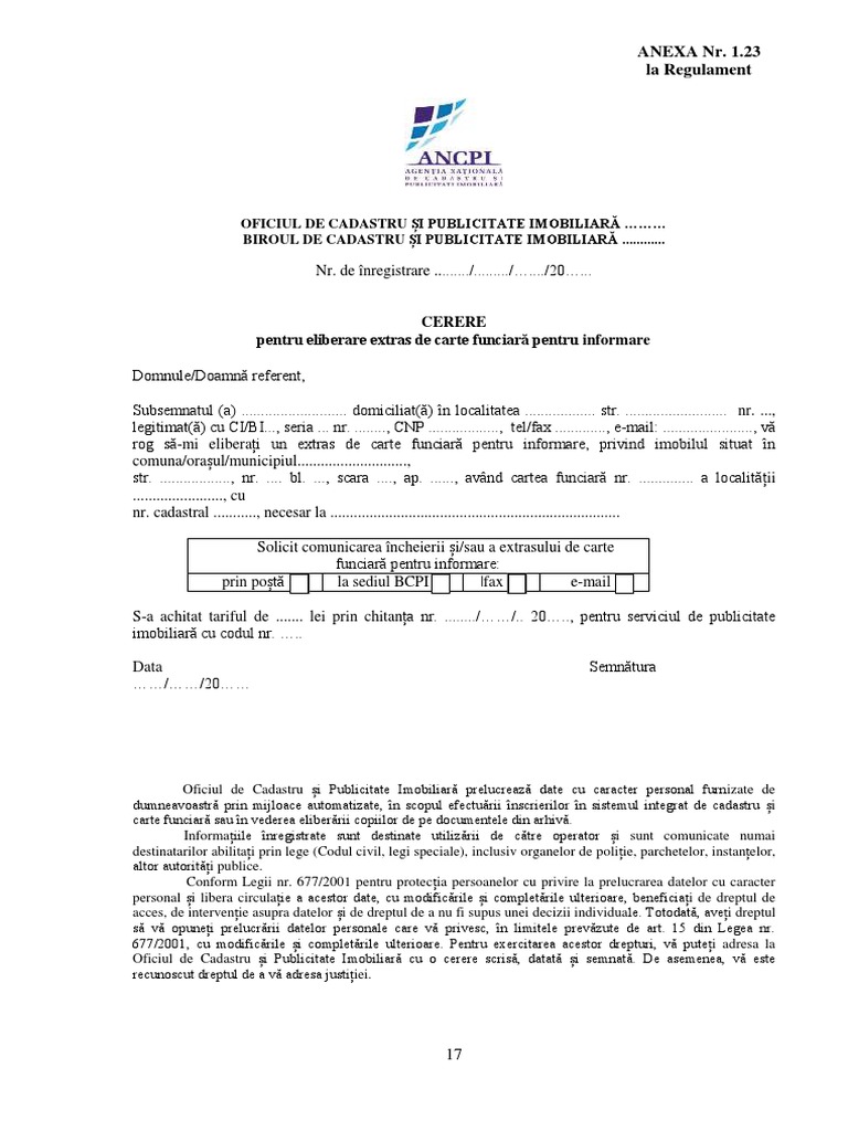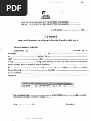 Cerere extras carte funciara. Obține cartea funciară online. De înregistrare 20 c e r e r e pentru eliberare extras. Cerere eliberare extras carte funciara cartea funciara este un registru public din romania care cuprinde evidenta juridica integrala si exacta a imobilelor proprietatea persoanelor fizice si juridice din aceeasi localitate. Formular ce se completeaza cand se solicita un extras de carte funciara pentru informare ce se depune la birourile de carte funciara din cadrul ocpi cerere copii arhiva.
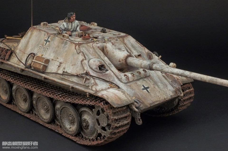 这件作品使用的是威龙6393的板件,涂装方面依旧是雪地迷彩,然而却和那辆虎王的防磁是两种风格。这辆猎豹的防磁明显更加柔和,处理的更加精细,隐隐能看到雪地迷彩下的迷彩色。细节处理的也非常漂亮,完美体现出猎豹的优美线条。
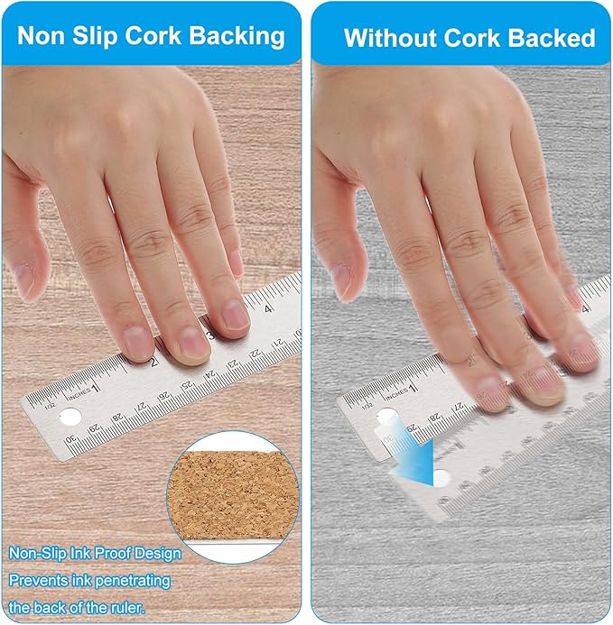 - Instruction: Non-slip cork backed design, keeps the ruler from slipping around when drawing straight lines on slippery materials, it can also effectively prevent the ink from penetrating the back of the ruler while drawing.
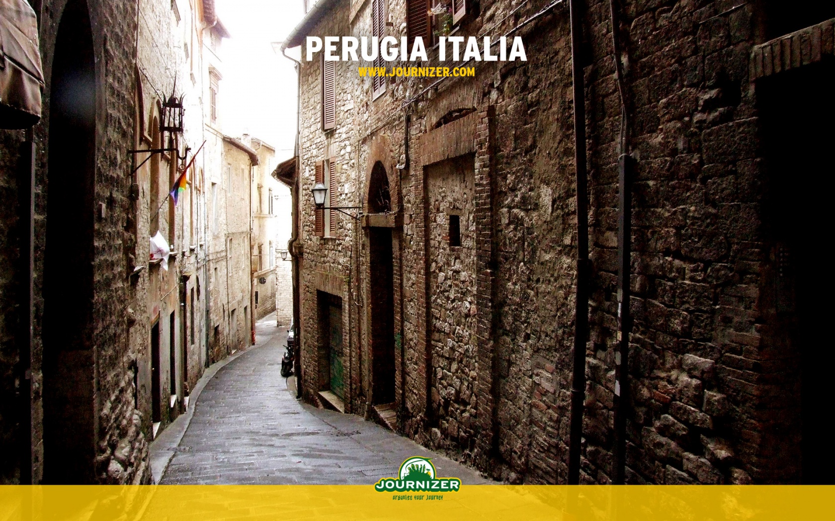 Description: A narrow alley way with a yellow sign that says perigia italia on it's side and a yellow sign that says perigia italia on the side.
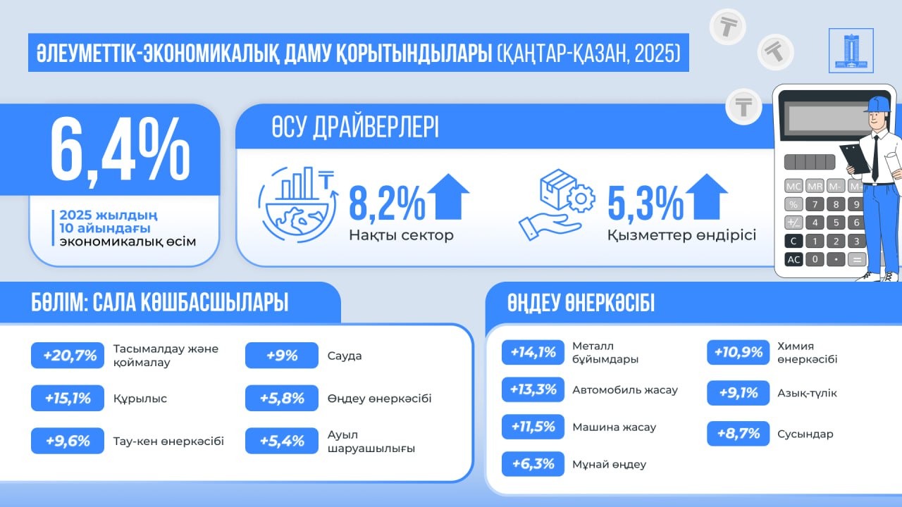 Оның мәліметтері бойынша, нақты сектордағы өсу қарқыны 8,2%-ды құрады, ал қызмет көрсету өндірісі 5,3%-ға өсті. Салалар арасында көлік қызметтері (өсім 20,7%-ға), құрылыс (15,1%-ға) және тау-кен өнеркәсібі (9,6%-ға) ең жоғары өсімді көрсетеді. Сауда – 9%-ға, өңдеу өнеркәсібі – 5,8%-ға, ауыл шаруашылығы – 5,4%-ға өсті.
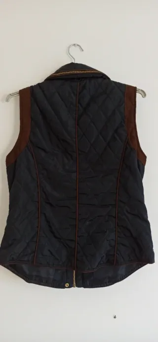 Chaleco acolchado marino de Zara con detalles en marrón. - Cierre de cremallera frontal. - Bolsillos con cremallera. - Cuello alto. - En el cuello va un gorro plegado cerrado con cremallera.
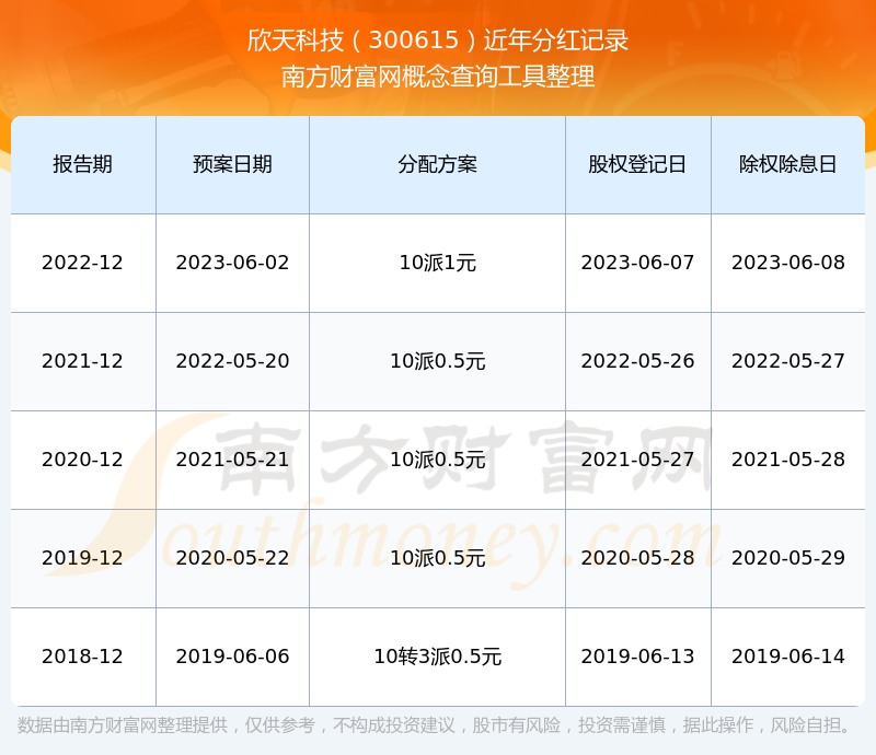 欣天科技最新一次公布的分红方案为10派1元。本次权益分派股权登记日为2023年6月7日,除权除息日为2023年6月8日,派息日为2023年6月8日。
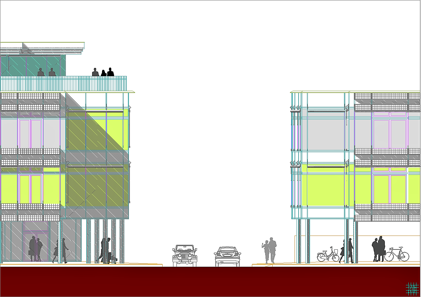 37. Riqualificazione urbana in Via Degasperi A Mezzolombardo - Palazzine d'angolo con Corso del Popolo.
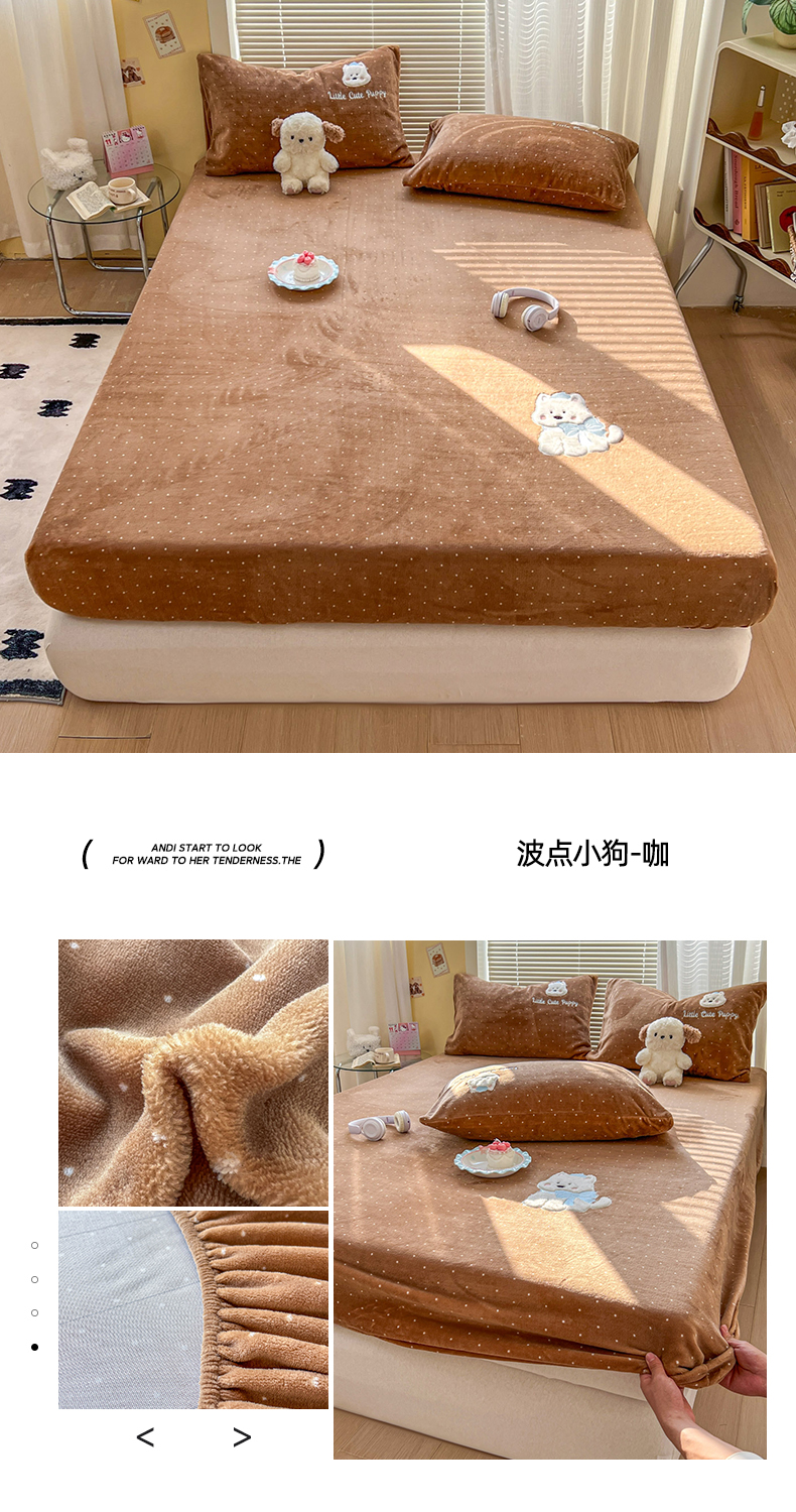 • 91家纺网 家纺一手货源 找家纺 十里居 2026新款韩系牛奶绒兔毛贴布绣床笠三件套四件套 波点小狗咖
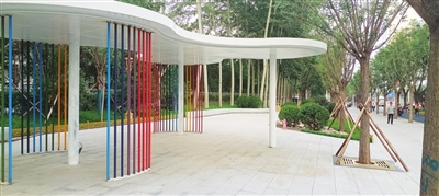 往东走几百米,公园路社区花园已基本竣工。记者在这里看到,受地势“狭长”所限,该处花园休憩娱乐功能有限,但功能性、服务性突出,主要由一块绿化景观小品、一处避雨棚和一条“长长”的座椅组成。“这儿是下元汽车总站的起始站、终点站,人流量非常大,座椅、雨棚都是急人所急、想人所想的设施啊!”一位正在等车的市民高兴地说。
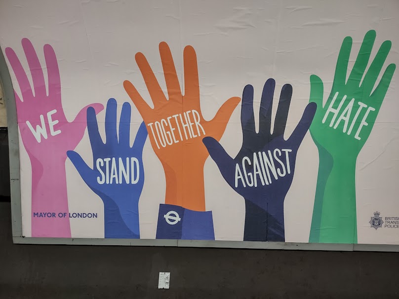 Riding London’s Underground, one is confronted by a host of posters—what’s on in theatres and the cinemas, ads for products and shops, service notices about healthcare, safety. Travel come-ons. My favorite was a large bright notice pasted on the tunnel wall across from the platform at Tottenham Court Road (and likely in numerous other stations). A rainbow of hands is marked with the words: WE STAND TOGETHER AGAINST HATE. To the right of this, the copy runs:
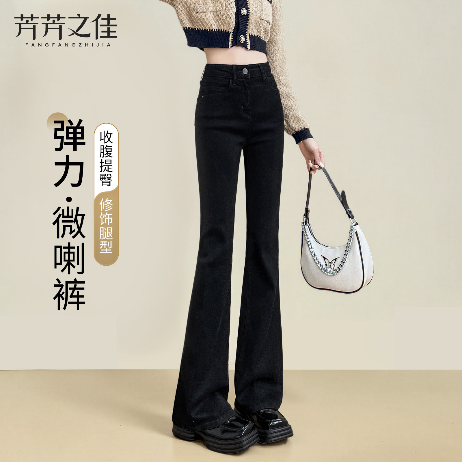 黑色微喇牛仔裤女2026新款春季加绒修身弹力小个子高腰显瘦喇叭裤

____

### DIRECTIONS FOR THIS TASK
All lines from the beginning of the material through the line that holds "这件作品使用的是威龙6393", both included, should be returned exactly; please omit any pictures and add no other lines.

### ANSWER TO THIS PROBLEM
 Cerere extras carte funciara. Obține cartea funciară online. De înregistrare 20 c e r e r e pentru eliberare extras. Cerere eliberare extras carte funciara cartea funciara este un registru public din romania care cuprinde evidenta juridica integrala si exacta a imobilelor proprietatea persoanelor fizice si juridice din aceeasi localitate. Formular ce se completeaza cand se solicita un extras de carte funciara pentru informare ce se depune la birourile de carte funciara din cadrul ocpi cerere copii arhiva.
 这件作品使用的是威龙6393的板件,涂装方面依旧是雪地迷彩,然而却和那辆虎王的防磁是两种风格。这辆猎豹的防磁明显更加柔和,处理的更加精细,隐隐能看到雪地迷彩下的迷彩色。细节处理的也非常漂亮,完美体现出猎豹的优美线条。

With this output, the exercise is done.